**YOUR OBJECTIVE**
Restate the entries below exactly, and keep all images out of the answer.

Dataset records
---

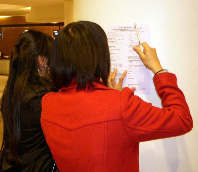 两个欣赏完神韵晚会的中国女孩在中文反馈表上给晚会打了满分 |
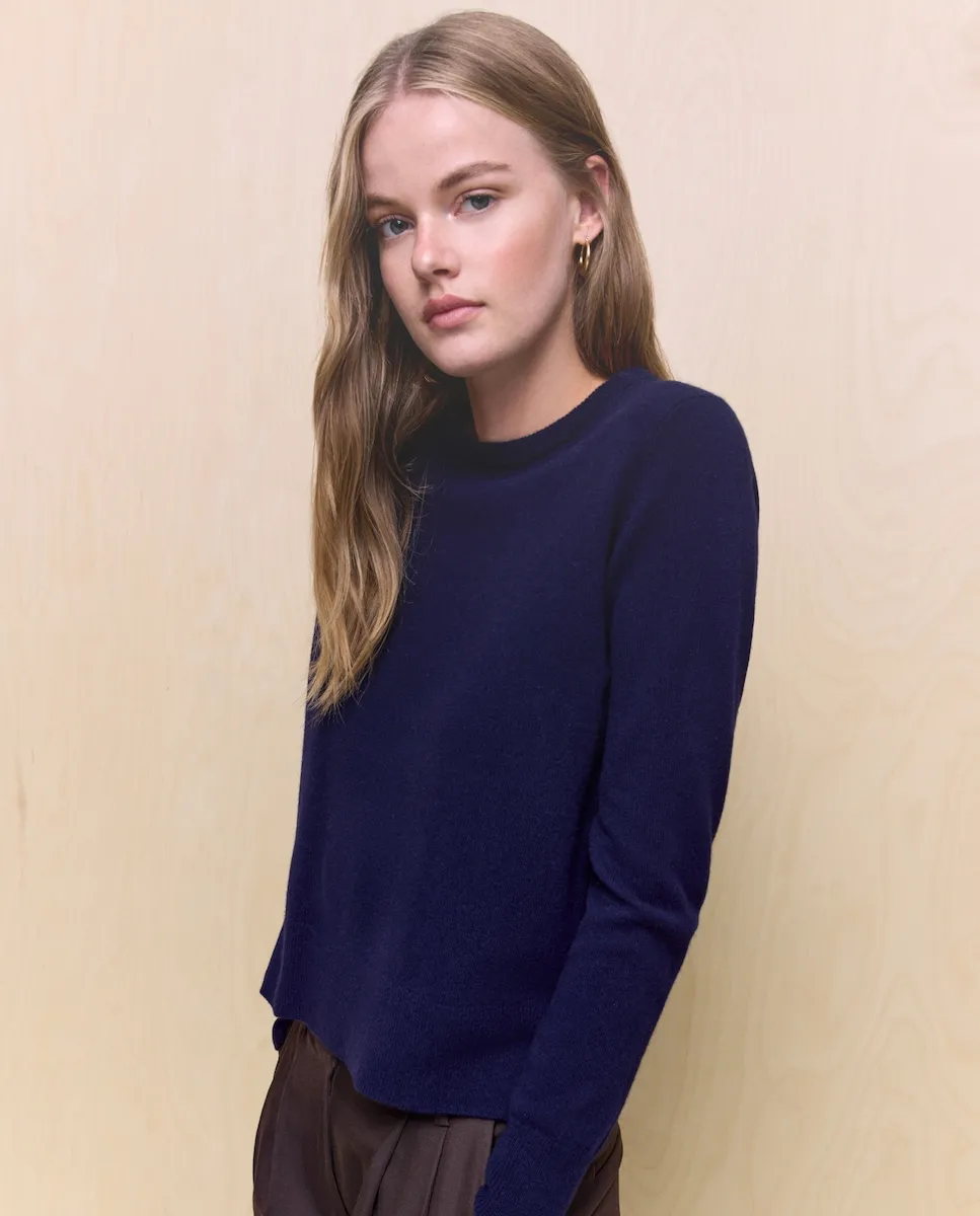 Однотонный джемпер с длинными рукавами и круглым вырезом из кашемира.
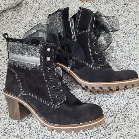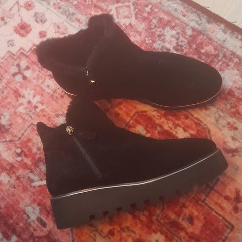 Vain kerran ulkona testatut ja liian suuriksi itselle todetut nahkaiset nilkkurit. Sisällä pehmeä lämmin vuori. Tarkempia mittoja kuvissa. Mielestäni Melko väljä mitoitus.
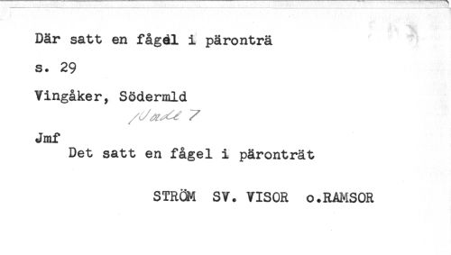 //// Där satt en fågdl i päronträ //// s. 29 //// Vingåker, Södermld //// Jmf //// Det satt en fågel i päronträt //// STRÖK SV. VISOR o.RAMSOR ////
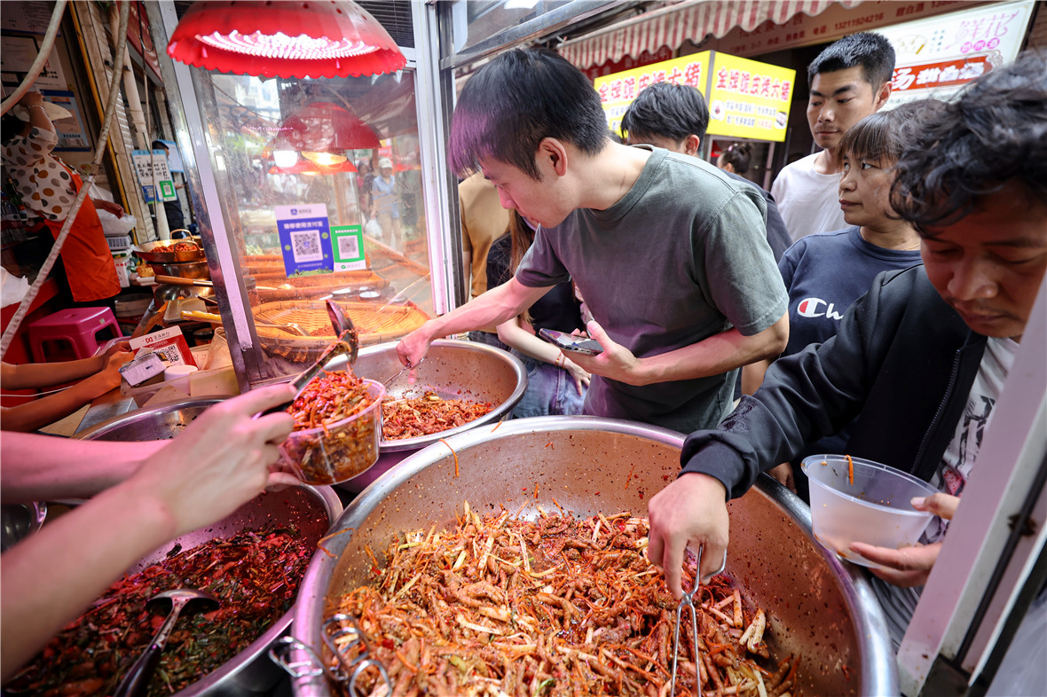 奶白酒、木姜子鸡爪、豆花米线、木瓜水、烧饵块、烤乳扇……在昆明大观篆新农贸市场内,各类特色小吃摊位前聚满了购买美食的市民游客。云南暑期旅游热,“农贸市场游”成潮流,其中玩转大观篆新农贸市场,成为各大社交平台上云南旅游推荐笔记里的必打卡事项。
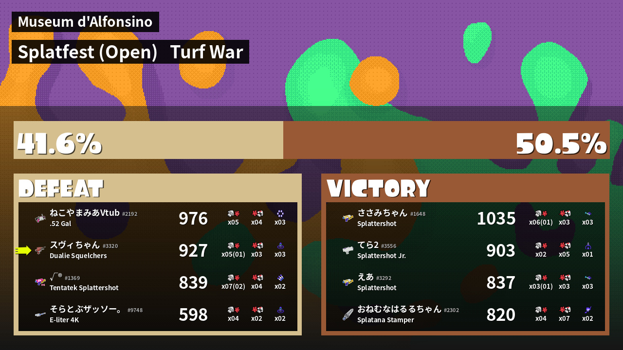 | Medals | #1 Popular Target #1 Enemy-Base Inker #1 Ground Traveler | ||

---

**RESPONSE TO THIS TASK**
 两个欣赏完神韵晚会的中国女孩在中文反馈表上给晚会打了满分 |
 Однотонный джемпер с длинными рукавами и круглым вырезом из кашемира.
 Vain kerran ulkona testatut ja liian suuriksi itselle todetut nahkaiset nilkkurit. Sisällä pehmeä lämmin vuori. Tarkempia mittoja kuvissa. Mielestäni Melko väljä mitoitus.
 //// Där satt en fågdl i päronträ //// s. 29 //// Vingåker, Södermld //// Jmf //// Det satt en fågel i päronträt //// STRÖK SV. VISOR o.RAMSOR ////
 奶白酒、木姜子鸡爪、豆花米线、木瓜水、烧饵块、烤乳扇……在昆明大观篆新农贸市场内,各类特色小吃摊位前聚满了购买美食的市民游客。云南暑期旅游热,“农贸市场游”成潮流,其中玩转大观篆新农贸市场,成为各大社交平台上云南旅游推荐笔记里的必打卡事项。
 | Medals | #1 Popular Target #1 Enemy-Base Inker #1 Ground Traveler | ||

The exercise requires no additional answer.